Other doctors acknowledged some difficulty in the study’s metrics. Tongalp Tezel, MD, of Columbia University, stated that the association between OSA and diabetic progression “is like a chicken/egg problem. Diabetics have a higher rate of obstructive sleep apnea because they have autonomic nerve dysfunction, which affects the respiratory system, but autonomic nerve dysfunction is also a cause of progression of diabetes. How do you isolate obstructive sleep apnea?”
My Two Cents
What a fascinating study! Although Dr. Tezel brings up a great point regarding the difficulty of isolating sleep apnea, the results of the study are, in my opinion, impressive. That 75% increase in the risk of progression of NPDR to PDR in those patients with OSA when compared with those without is almost hard to believe. Hopefully this study will spur further research into this topic!
CAN YOU RELATE
As part of my job at Williamson Eye Center, I get one of “those patients” referred to me nearly every day from either an outside OD, word of mouth, or one of our internal physicians. I’m talking about those patients who are never quite happy with their current refractive option or may have had a previous surgery that did not quite yield them the vision they desire, oftentimes post-refractive surgery patients—notably post-RK surgery or, as I call them, the gift that keeps giving.

It's rare that one of our own post LASIK patients end up unhappy in my chair; however, there is one particular patient who I have been working with for some time. He is a 39-year-old who elected to undergo LASIK, understanding that due to his large amount of astigmatism, his entire refractive error would not be fully corrected. He was not interested in an implantable collamer lens or clear lens exchange surgery. Despite being fully informed about the residual blur that would occur after surgery and being told that the purpose of the surgery was to make him less reliant on glasses and contact lenses, he was unhappy with his surgical outcome. After being fit in glasses and soft contact lenses by other providers, the patient achieved (objectively) good visual acuity; however, he remained unhappy, so he was referred to me for a consult on other options. We decided to look into specialty lenses, and due to his previous dislike of “the little hard lenses,” we opted for scleral lenses.
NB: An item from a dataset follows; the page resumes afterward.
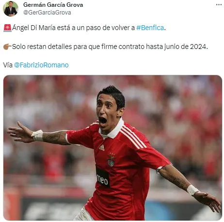 De acuerdo a información del periodista ligado al mercado de fichajes, Fabrizio Romano, Ángel Di María se convertirá en nuevo refuerzo del Benfica de Portugal, equipo para el que jugó entre los años 2007 y 2010.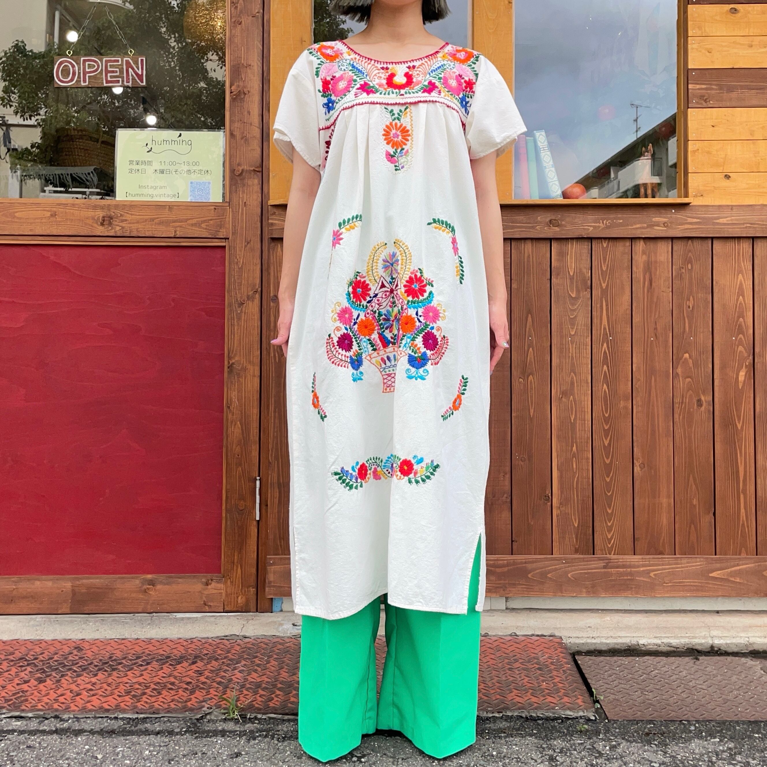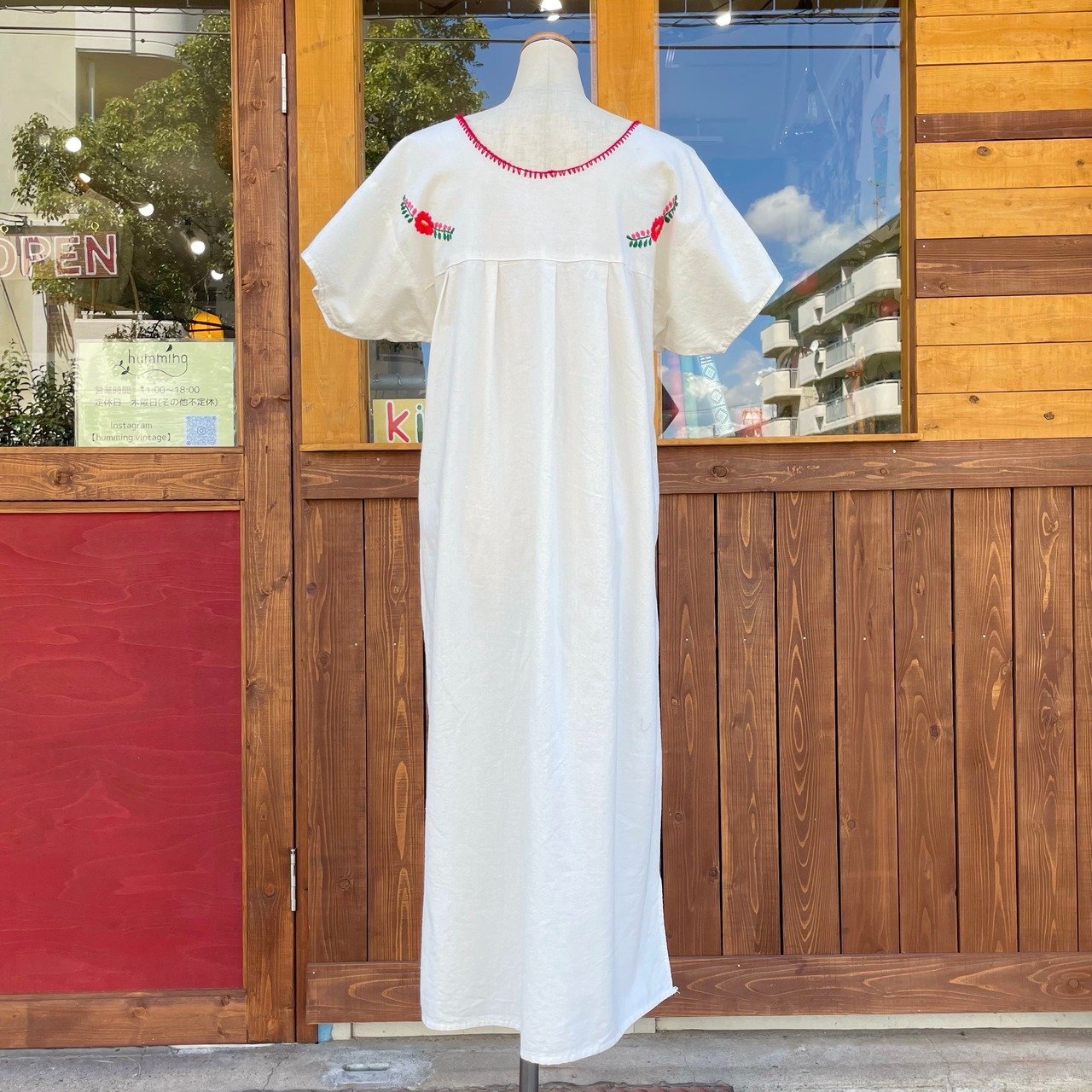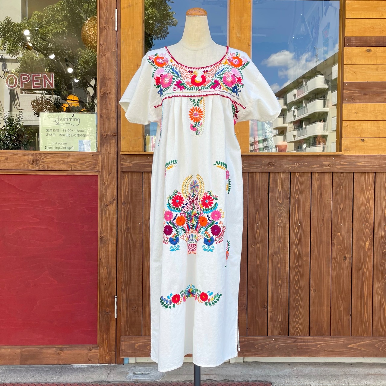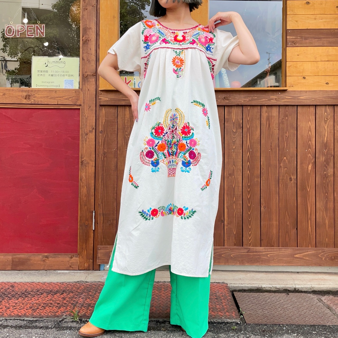 定番カラーですがカラフル刺繍たっぷりなホワイトのメキシコ刺繍ワンピースです。

Here’s the interesting thing: This patient’s horizontal visible iris diameter/horizontal white-to-white, measured using the Pentacam (Oculus), was 11.2 mm. That’s a pretty tiny cornea, and I knew that going into the battle. However, due to his deep-set eyes and small cornea, I finally gave up on scleral lenses. After four remakes of the amazing Onefit Med lens (Blanchard Lab/CooperVision Specialty Eye Care), I was down to 14.6 mm scleral on my last lens.
After examining all options, I decided to attempt an RGP fit. I sat the patient down and convinced him to try these lenses again because I felt it was his best option. Thankfully (and luckily), he trusted me, and we decided to give it another shot. After two remakes, we ended up with a 9.5-mm diameter bitoric minus carrier RGP lens. The patient achieved better than 20/20 vision and had tears in his eyes because he had never seen so well.
All this to say, don’t forget about your friendly RGP lenses from your specialty lens labs. Not only has technology advanced substantially in scleral lenses, progressive glasses, and scleral lenses, but so too has it come a long way in RGP lenses. The materials are superior, the edges more forgiving, and the coatings better than ever. Had I given up because the scleral lenses failed, this patient would have remained unhappy for who knows how long. RGPs are forgotten heroes of the contact lens world!
IMAGE OF THE WEEK
Limbal stem cell deficiency.

Paul Hammond, OD, FAAO, @kmkoptometrypro
QUOTE OF THE WEEK
“Your most unhappy customers are your greatest source of learning.”